SCOTTSDALE, Ariz., Nov. 6, 2019 /PRNewswire/ --
Taylor Morrison Home Corporation (NYSE: TMHC), a leading national homebuilder and developer, and William Lyon Homes (NYSE: WLH), one of the nation's largest homebuilders in the Western United States, today announced they have entered into a definitive agreement pursuant to which Taylor Morrison will acquire all of the outstanding shares of William Lyon Homes common stock for per share consideration of (1) $2.50 in cash and (2) 0.800 shares of Taylor Morrison common stock, implying a company value for William Lyon Homes of $21.45 per share or $2.4 billion including assumption of debt, yielding an attractive purchase price multiple of 1x book. The transaction consideration mix consists of approximately 90 percent Taylor Morrison stock and 10 percent cash. Based on current trading, Taylor Morrison stockholders will own approximately 77 percent of the combined company while William Lyon Homes stockholders will own approximately 23 percent.
The transaction has been unanimously approved by the Boards of Directors of both Taylor Morrison and William Lyon Homes and will be submitted to the stockholders of William Lyon Homes for approval. The issuance of shares of Taylor Morrison common stock in the transaction will also be submitted to the stockholders of Taylor Morrison for approval. The transaction is expected to close late in the first quarter or early in the second quarter of 2020 and the closing is subject to the satisfaction of customary closing conditions. William H. Lyon, executive chairman and chairman of the board and holder of approximately 42 percent of the voting power of William Lyon Homes common stock, has agreed to vote all of the shares of William Lyon Homes common stock controlled by him in support of the transaction.
"The agreement to acquire William Lyon Homes marks a historic day for Taylor Morrison as we continue to grow our business in smart and meaningful ways," said Sheryl Palmer, Taylor Morrison chairman and CEO. "The combined business provides the unique opportunity to gain increased local scale and expertise within six of our major markets, while expanding Taylor Morrison into Washington, Oregon and Nevada. We've long aspired to be in the Pacific Northwest and have looked for the right point of entry at the right time and at the right price—and that's exactly what this represents.

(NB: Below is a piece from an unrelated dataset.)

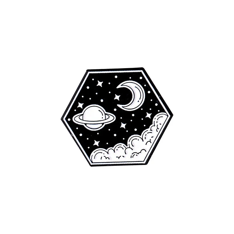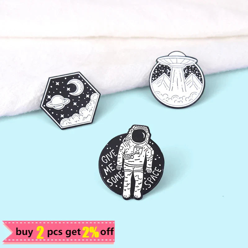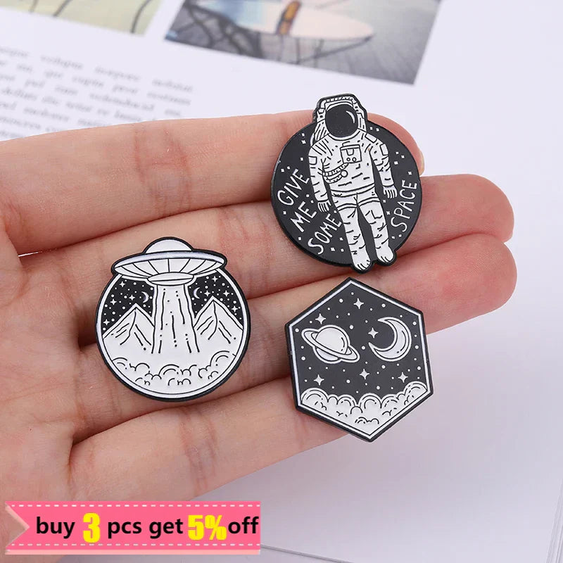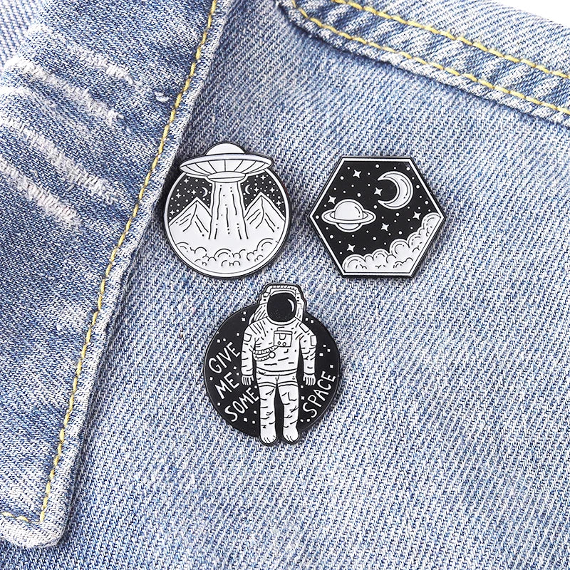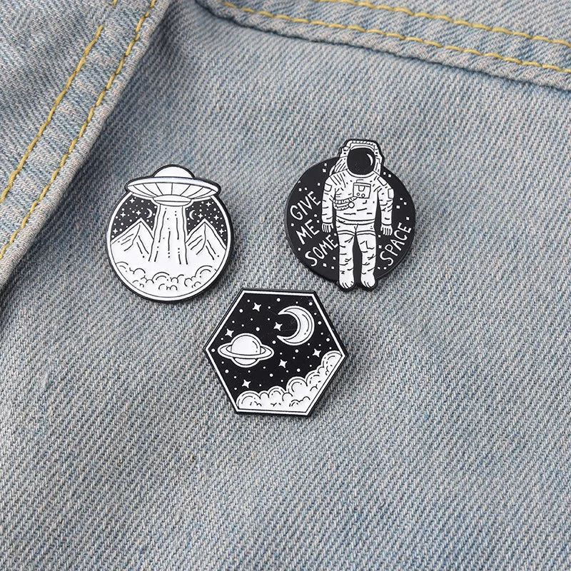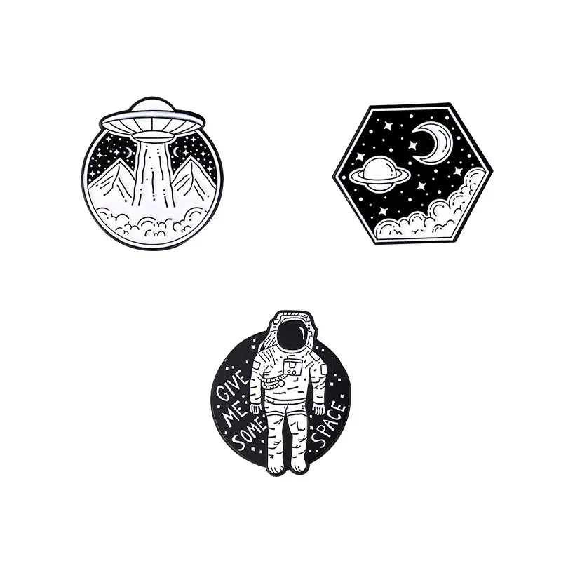 Universe Adventure Enamel Pins – Astronaut & UFO Cartoon Brooch Set

This will be our sixth builder acquisition in seven years and a demonstration of the proven discipline and expertise in M&A that we have developed over the years."

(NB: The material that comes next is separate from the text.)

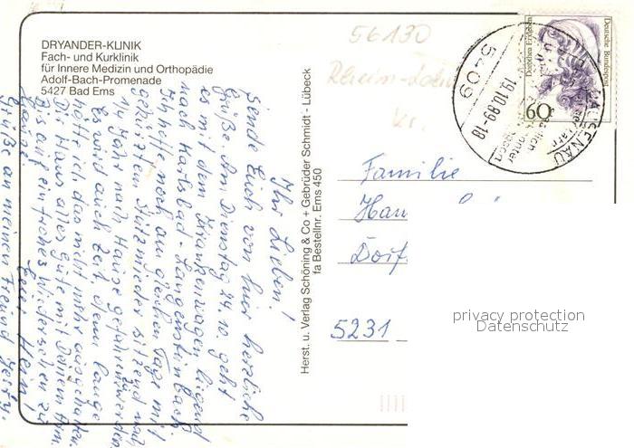 73324152 alte Postkarte Bad Ems Dryander Klinik Speiseraum Hallenbad Foyer postalisch gelaufen Erhaltung siehe scans [FriedD77] KatCode: 11110007141006

The strategic combination creates the nation's fifth largest homebuilder based on the last 12 months (LTM) of closings, and firmly places Taylor Morrison in a Top 5 position in 16 of the combined 23 markets with an estimated 14,200 closings for the pro forma combined company.
"William Lyon Homes' legacy spans more than six decades of outstanding construction and customer care, and our team of professionals has set a high standard for the homebuilding industry," said Matthew R. Zaist, William Lyon Homes president and CEO. "The combined business will represent a powerhouse of a builder that can meet the strong demand of entry-level and first-time move-up buyers—consumer segments that represent 85 percent of William Lyon's closings last year. We are excited to join forces with Taylor Morrison and draw upon their proven track record and greater access to scale efficiencies to meet consumer demand with a reputable, quality product."
"William Lyon Homes is a family business rooted in strong values and tradition, which makes us delighted to join a company with one of the most recognized and highly regarded cultures in homebuilding," said William H. Lyon, William Lyon Homes executive chairman and chairman of the board. "The decision to partner with Taylor Morrison was based on shared strategic alignment, likeminded core values, and a long history of integrity. We are confident in the success Taylor Morrison demonstrates through its reputation of leadership, quality construction and unparalleled customer experience and know our teams, our customers and our stockholders will be in good hands."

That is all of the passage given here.